Yakov leans forward, resting his elbows on his knees, hands clasping as he studied Yuuri who has taken to tugging at the sleeve of his shirt, worrying the already fraying fabric.
“You are not what I was expecting when Mila confessed to having private lessons in a young man’s house,” the man says gruffly. “She defended you – I’ve never seen her so worked up before in my life.
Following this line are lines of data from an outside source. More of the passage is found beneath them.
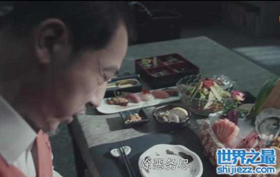 第一集里某个老大手上带着手铐,面前却摆满了日式海鲜大餐,手里抽着雪茄吞云吐雾,要不是他还穿着囚服,观众都以为这个大佬在五星级酒店。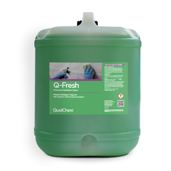 Q-FRESH 20L is a clear green perfumed mildly alkaline germicidal liquid disinfectant/detergent containing a QAC type disinfectant (Alkyl Benzyl Dimethyl Ammonium Chloride - known as benzalkonium chloride). PRODUCT FEATURES Contains an effective surface active agent which enhances the ability of the bactericide to penetrate to the bacteria. Non-volatile and stable in storage. Pleasant fragrance which leaves a lingering odour. Effective in hot and cold water. Cleans, disinfects and deodorises in one operation. A certain amount of the QAC bactericide is absorbed by the surface being cleaned, resulting in a bacteriostatic effect. APPLICATIONS Q-FRESH is an effective antibacterial cleaner deodoriser, developed for use in institutional and industrial cleaning. DILUTIONS For cleaning and deodorising all hard surfaces, use Q-FRESH diluted 1:40. Allow contact with surface for at least 5 mins before rinsing. For cleaning and disinfecting floors treated with a polymer floor dressing, use Q-FRESH diluted 1:80. For soaking soiled linen use Q-FRESH diluted 1:80 If large amounts of organic matter are present, Q-FRESH should be used more concentrated than is indicated above.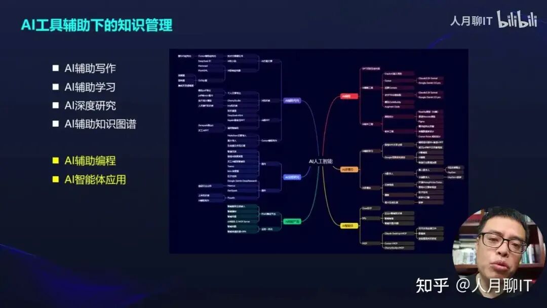 所以在AI时代,大家的思考一定是比原来多了,而不是比原来少了。 包括在前面我也给出了一个我最近大半年用了相关AI知识工具的思维导图。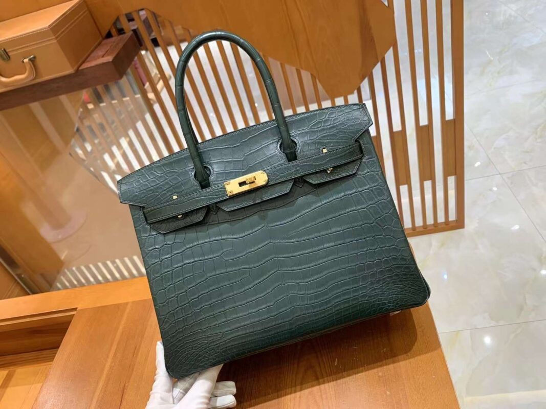 Birkin 30cm Pine and Cypress green First-class Nile crocodile leather. Gold buckle Imported raw materials. Fully hand-sewn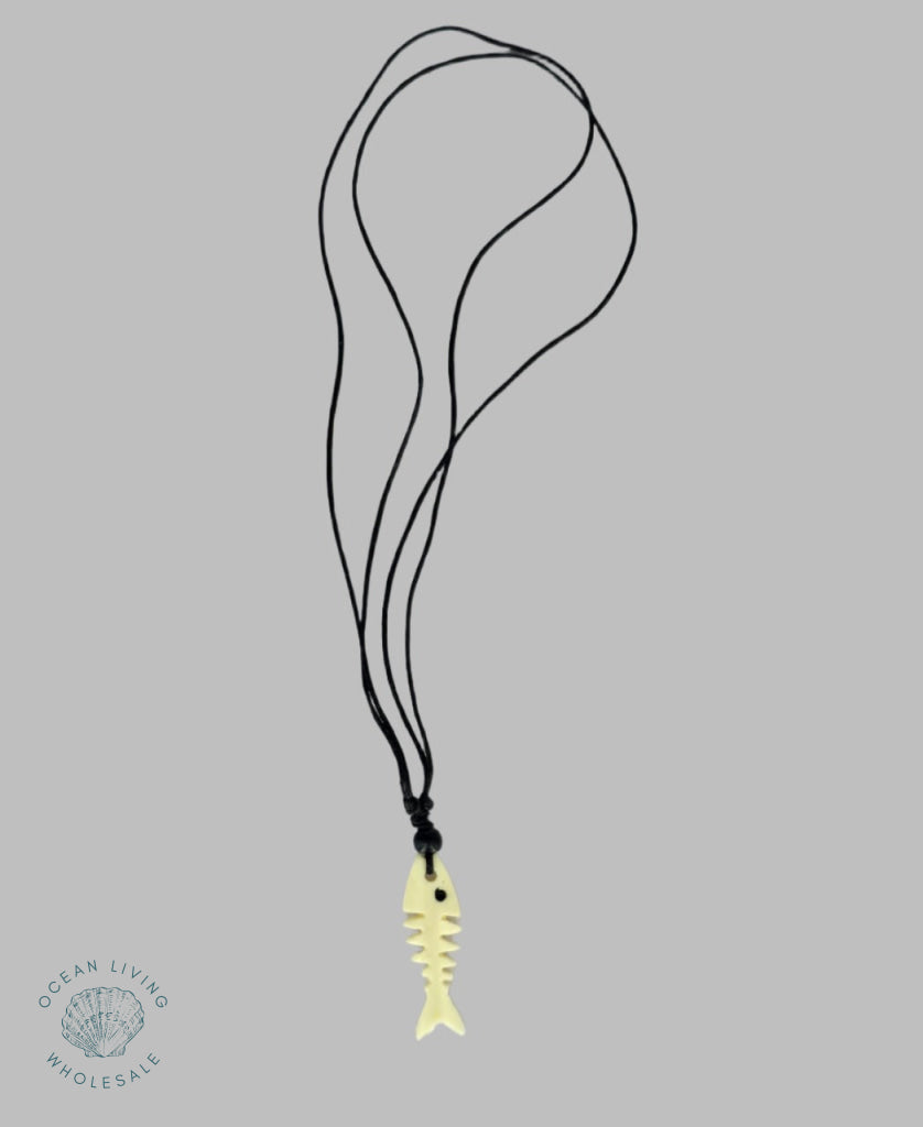 Necklace Black Cord With Fish Bone Necklace Black Cord With Fish Bone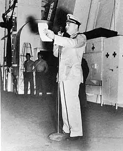 On 30 January 1945, Robbins – by then a captain – became commanding officer of the aircraft carrier USS Lexington (CV-16). While he was in command, Lexington participated in strikes against Tokyo, Japan, in February 1945 in support of the Iwo Jima campaign and against Japanese forces on Iwo Jima itself. After an overhaul in the United States, Lexington returned to action, attacking Japanese forces on Luzon in June 1945 during the Luzon campaign and participating in heavy strikes against Japan itself in July and August 1945, when the war ended. Immediately after the war, Robbins oversaw Lexington's efforts to air-drop supplies to Allied prisoners-of-war in Japan in advance of their liberation by occupying American forces. Lexington was the first Essex-class aircraft carrier to enter Tokyo Bay after the war, and she was anchored there on 16 November 1945 when Robbins was promoted to rear admiral and left the ship for assignments in Washington, D.C.[13][14][15] He received the Legion of Merit with Combat Distinguishing Device (Combat "V") for his tour aboard Lexington.[16]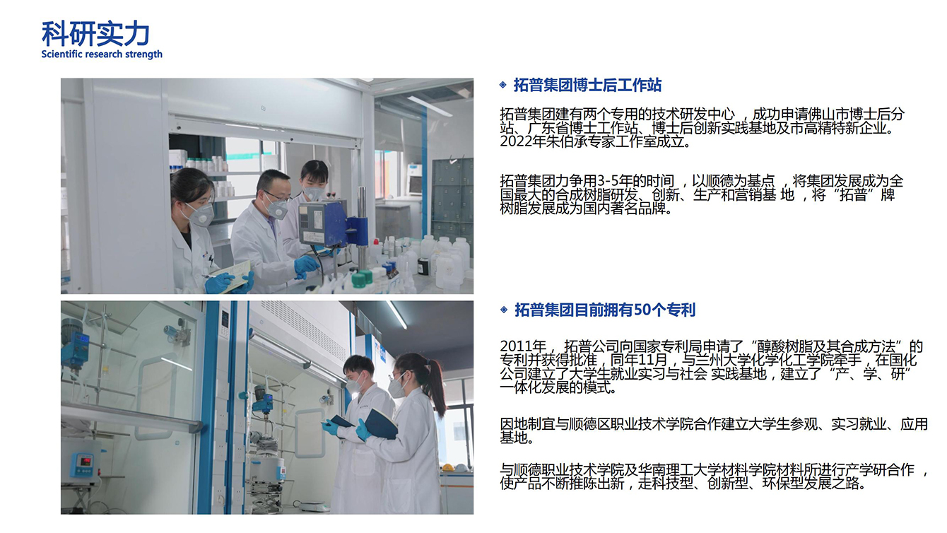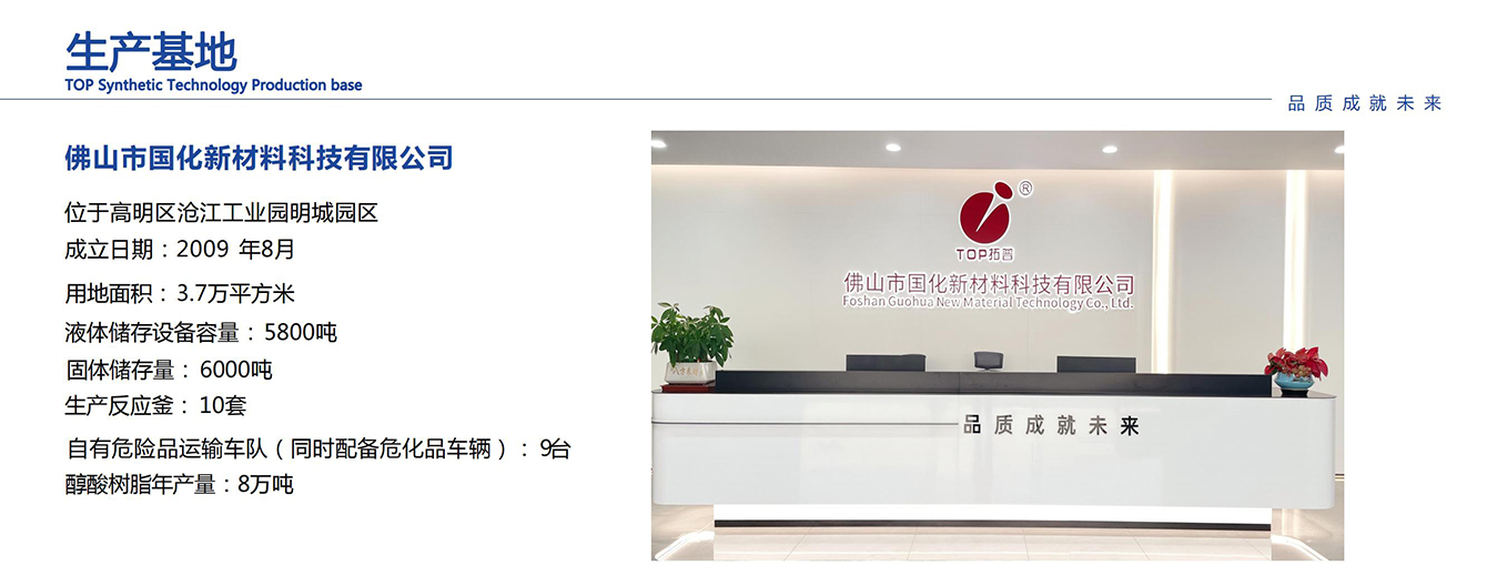 广东拓普合成科技股份有限公司位于佛山市顺德区大良街道,始建于1999年,是一家集研发、生产、销售为一体的科技型集团公司 ,主要经营危险化学品原材料,及含溶剂油的合成树脂、油漆、辅助材料、涂料制品,且具备自主经营进出口经营权,致力开展海外树脂业务。

But you know what the situation looks like.”
“I do,” Yuuri agrees quietly. “It was never-“ He halts, face twisting. “I only wanted the best for her,” he says a bit helplessly. “And I allowed that to bypass rationality.”
“You did,” Yakov agrees bluntly. “You love her,” he observes.
Yuuri nods his head, unable to deny it, shrinking on himself.
“But not in the way I feared,” the man says after a long moment. “Tell me, what is Mila to you?”
Yuuri thinks of the blaring light, the crash of a car and the sound of his sister’s scream abruptly cut off, at the bubbly gasp of his mother as she choked and drowned on her blood with his father already dead and impaled beside her.
In the trunk Vicchan’s cage is crushed and his body with it, Yuuri will learn later, and he loses everything in a single night in a drunken accident to a young driver who vomits as they pull him out of the car.
“She’s family,” he whispers, choking on the word as his eyes burns and he paws a hand up against his eye, wiping them away before they can fall. “I-“ But the words tangles in his mouth and he bows his head, mouth twisting as he looks away.
Not soon after the door opens and Viktor halts, staring between the hunched figure of the small Japanese man and his coach as he eases back.
Hesitantly he deposits the pizzas on the table and sinks back onto the couch, aware of having missed something but not sure what, the feeling of being out of the loop making his mouth flatten.
“Yakov-“
But the man rises and Viktor stares after him, eyes widening as chipped utensils were dug forth and brought back, the first box opened up and three pieces cut off and served onto a plate and nudged across the table to the young man.
“Yuuri.” He twitches. “Eat,” Yakov commands, almost gently, and Viktor bites down hard on his cheek to keep from saying anything.
Yuuri glances up, gets a raised eyebrow in response and hesitantly uncurls just enough to grab for the plate and pull it down into his lap.
He eats without really tasting it, chewing down one piece and then half of a second before his stomach protests and he let it drop a bit reluctantly and Yakov watches him quietly as he places it back on the table.
“Thank you,” he says.
“Think nothing of it,” the man says gruffly. “I have an offer for you and I want you to listen carefully, Katsuki Yuuri.” He leans forward, eyes intent. “I want you to come to my ice rink and I want you to keep training Mila but I want you to do it honestly this time.”
Both Yuuri and Viktor stares at him.
“Mila has flourished under your attention,” Yakov admits a bit grudgingly. “It’d be a trial period, six months, and you’ll take up skating under my care when you’re not with her. She deserves the best and I want to see it for my own eyes why she chose you.”
“Yakov!” Viktor bursts out, rising and the man turns immediately, growling at him only to get a furious response.
But Yuuri hardly hears them.
His heart is pounding in his chest and his world is dark blue eyes as he closes his own and inhales.
“I’ll do it,” he says, raising his voice to be heard.
Viktor falters but Yakov’s eyes glints as their gazes meet, determination burning through exhaustion, leaving a young man very different from the slouched sad wreck he’d been as he places a hand on the table with a rattle of china and leans forward.
“Make me the best damn coach I can be,” Yuuri demands.